Transformer self-attention源码

Transformer self-attention源码

  • 一共分为三个函数:

    • 构造attention_mask
    • transformer_model
      • attention_layer
  • 构造attention_mask:
    该部分代码的作用是构造attention可视域的attention_mask,因为每个样本都经过padding过程,在做self-attention的时候padding的部分不能attend到其他部分上。
    输入为形状为【batch_size, from_seq_length,…】的padding好的input_ids和形状为【batch_size, to_seq_length】的mask标记向量。

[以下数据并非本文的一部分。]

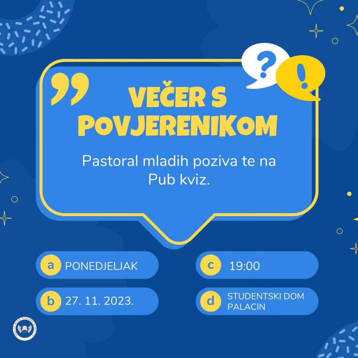 Dragi studenti i mladi 27. studenog 2023. u 19:00 pozivamo vas na VEČER S POVJERENIKOM u studentskom domu Palacin. Večeri su to zajedništva, upoznavanja i druženja.

    def create_attention_mask_from_input_mask(from_tensor, to_mask):
      from_shape = get_shape_list(from_tensor, expected_rank=[2, 3])
      batch_size = from_shape[0]
      from_seq_length = from_shape[1]
    
      to_shape = get_shape_list(to_mask, expected_rank=2)
      to_seq_length = to_shape[1]
    
      to_mask = tf.cast(
          tf.reshape(to_mask, [batch_size, 1, to_seq_length]), tf.float32)
    
      broadcast_ones = tf.ones(
          shape=[batch_size, from_seq_length, 1], dtype=tf.float32)
    
      mask = broadcast_ones * to_mask #*代表矩阵的乘法运算
    
      return mask
    
  • 注意力层(attention layer)
    这部分代码是multi-head attention的实现,主要来自《Attention is all you need》这篇论文。考虑key-query-value形式的attention,输入的from_tensor当做是query, to_tensor当做是key和value,当两者相同的时候即为self-attention。关于attention更详细的介绍可以转到理解Attention机制原理及模型。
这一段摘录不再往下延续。